Task description.
What needs transcribing is the line with "Proprietatea este compartimentata" and every line after it to the end of the records, exactly and alone, with no pictures.

Dataset entries.
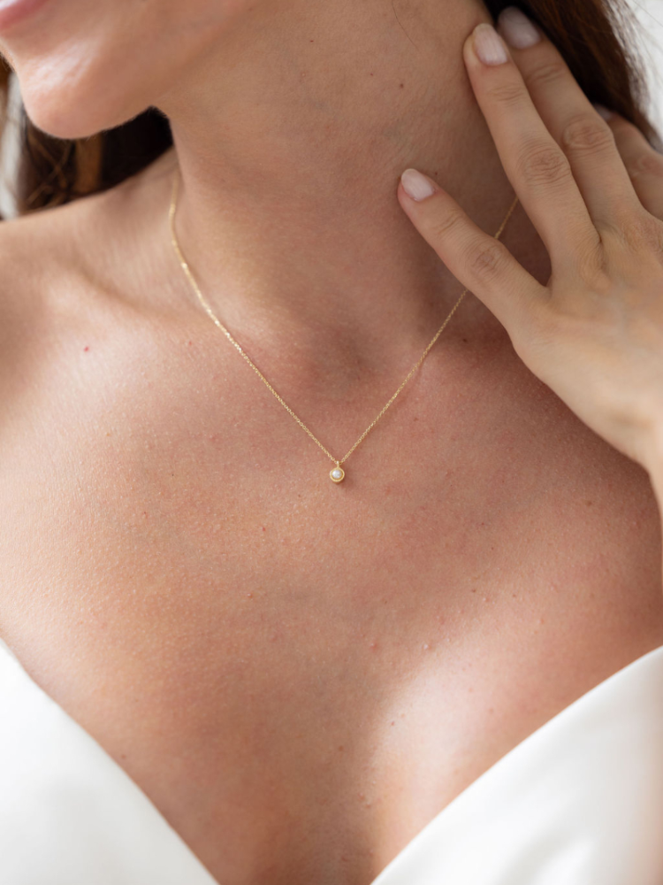 Collar de plata 925 chapado en oro con colgante redondo que enmarca una pequeña perla y circonitas. Se apoya suavemente en el centro del escote y aporta un acento fino y elegante. Longitud ajustable para combinar con otras joyas.
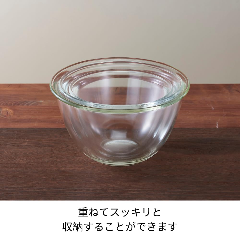 HARIO(ハリオ) レンジフタ付き 耐熱ガラス製 ボウル 3個セット 900ml 1500ml 2200ml BUONO kitchen マルチ ボール クリア 日本製 MXPF-4904-W
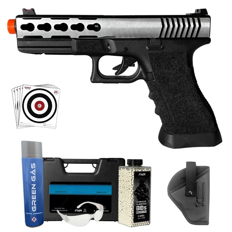 + 1 pote de esferas .20g + 1 Green Gás + Alvos + Óculos de Segurança + Coldre Universal
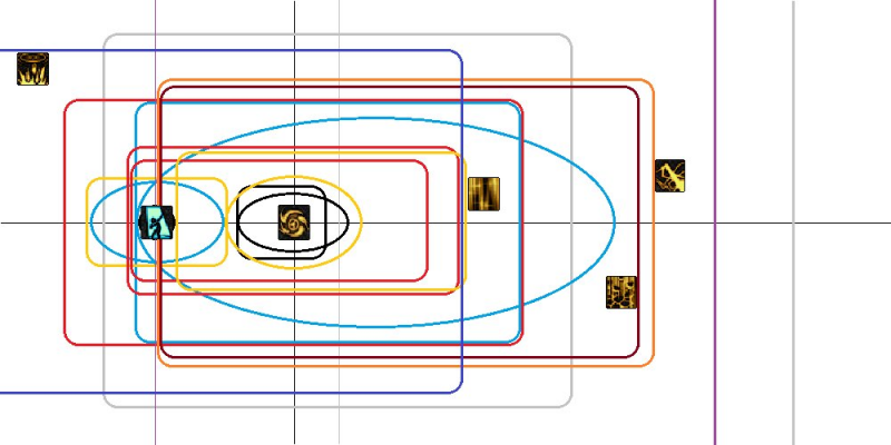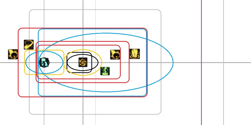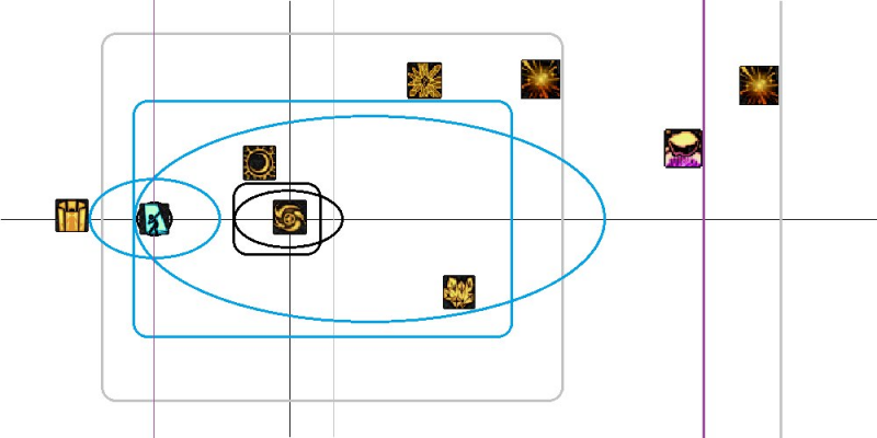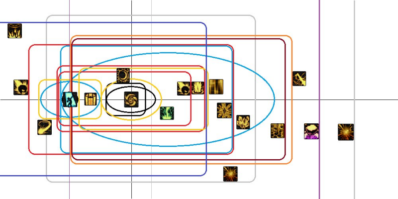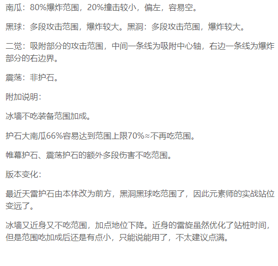 区分开“范围”和“射程”两个概念。黑球、黑洞是范围小射程短。天雷、一觉是范围小射程远。三觉地火、极冰、震荡、水晶、门、交响、二觉、三觉,这些都是范围大射程远。
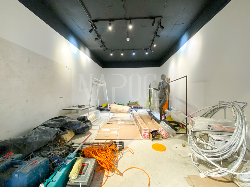Proprietatea este compartimentata atfel: 1 incapere open space, 1 spatiu de depozitare, 2 grupuri sanitare, 1 zona pentru cabine de proba. De asemenea, spatiul are vitrina la strada si se poate recompartimenta in functie de afacerea care va rula in spatiu.
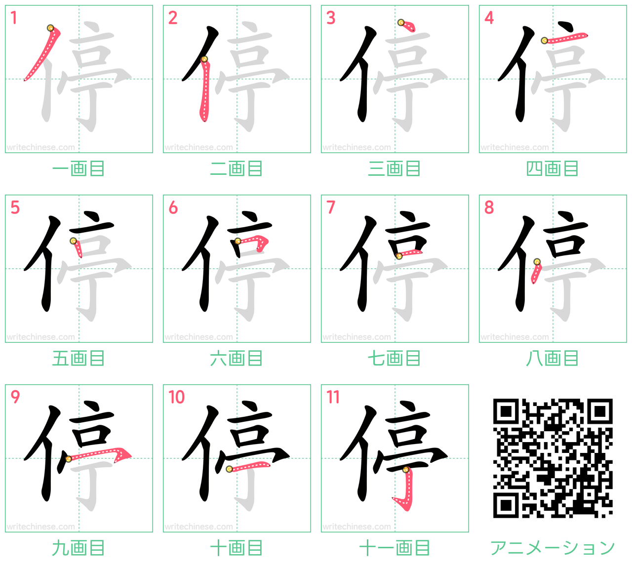 視覚的なステップバイステップの指示を使って、中国語の漢字「停」の書き順を一画ずつマスターしましょう。

Result of this exercise.
Proprietatea este compartimentata atfel: 1 incapere open space, 1 spatiu de depozitare, 2 grupuri sanitare, 1 zona pentru cabine de proba. De asemenea, spatiul are vitrina la strada si se poate recompartimenta in functie de afacerea care va rula in spatiu.
 視覚的なステップバイステップの指示を使って、中国語の漢字「停」の書き順を一画ずつマスターしましょう。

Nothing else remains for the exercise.